▶ **DATA TO EXAMINE**
<<<<

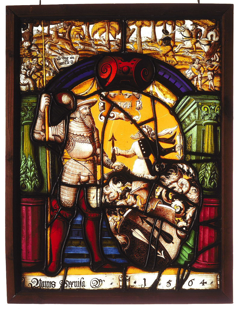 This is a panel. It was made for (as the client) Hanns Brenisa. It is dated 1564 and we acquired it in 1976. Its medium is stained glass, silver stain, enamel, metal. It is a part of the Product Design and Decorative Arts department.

>>>>
<<<<

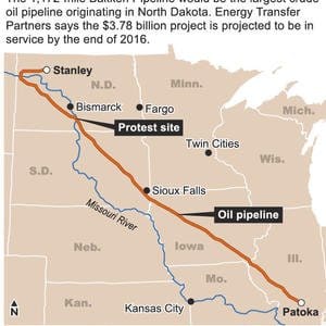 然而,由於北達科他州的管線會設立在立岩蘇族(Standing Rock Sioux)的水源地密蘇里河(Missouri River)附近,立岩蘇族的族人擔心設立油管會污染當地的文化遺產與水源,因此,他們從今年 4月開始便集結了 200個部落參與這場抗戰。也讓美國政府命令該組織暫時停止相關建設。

>>>>
<<<<

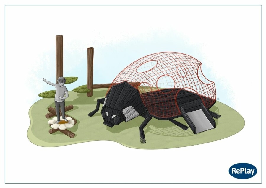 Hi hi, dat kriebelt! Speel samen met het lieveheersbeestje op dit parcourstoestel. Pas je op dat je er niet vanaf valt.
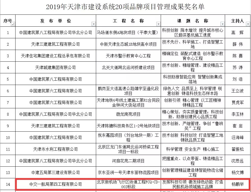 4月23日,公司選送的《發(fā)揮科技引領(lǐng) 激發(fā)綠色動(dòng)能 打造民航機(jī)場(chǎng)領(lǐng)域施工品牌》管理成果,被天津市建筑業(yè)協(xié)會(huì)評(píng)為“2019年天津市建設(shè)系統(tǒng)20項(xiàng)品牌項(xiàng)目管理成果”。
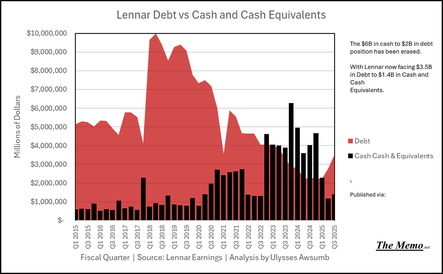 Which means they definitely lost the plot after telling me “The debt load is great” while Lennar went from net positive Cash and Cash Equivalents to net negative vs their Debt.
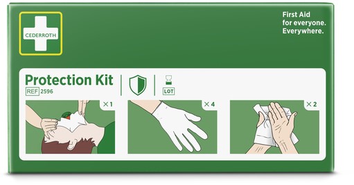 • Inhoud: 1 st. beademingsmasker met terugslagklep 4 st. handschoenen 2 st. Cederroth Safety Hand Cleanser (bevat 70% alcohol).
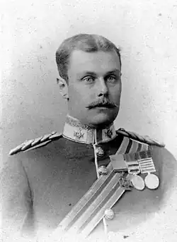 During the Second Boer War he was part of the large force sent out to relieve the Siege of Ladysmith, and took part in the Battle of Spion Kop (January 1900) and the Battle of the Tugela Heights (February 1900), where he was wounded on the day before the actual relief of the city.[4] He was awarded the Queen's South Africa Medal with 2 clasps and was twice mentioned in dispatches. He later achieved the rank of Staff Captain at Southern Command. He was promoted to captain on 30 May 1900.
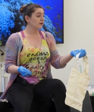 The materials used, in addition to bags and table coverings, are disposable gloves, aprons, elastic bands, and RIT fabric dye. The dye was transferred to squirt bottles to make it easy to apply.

>>>>

▶ **PROBLEM REQUIREMENTS**
Only one stretch of the data is wanted: write out exactly the lines from the one holding "(bevat 70% alcohol)." through the one holding "The materials used, in", both included, without the pictures.

▶ **PROBLEM SOLUTION**
 • Inhoud: 1 st. beademingsmasker met terugslagklep 4 st. handschoenen 2 st. Cederroth Safety Hand Cleanser (bevat 70% alcohol).
 During the Second Boer War he was part of the large force sent out to relieve the Siege of Ladysmith, and took part in the Battle of Spion Kop (January 1900) and the Battle of the Tugela Heights (February 1900), where he was wounded on the day before the actual relief of the city.[4] He was awarded the Queen's South Africa Medal with 2 clasps and was twice mentioned in dispatches. He later achieved the rank of Staff Captain at Southern Command. He was promoted to captain on 30 May 1900.
 The materials used, in addition to bags and table coverings, are disposable gloves, aprons, elastic bands, and RIT fabric dye. The dye was transferred to squirt bottles to make it easy to apply.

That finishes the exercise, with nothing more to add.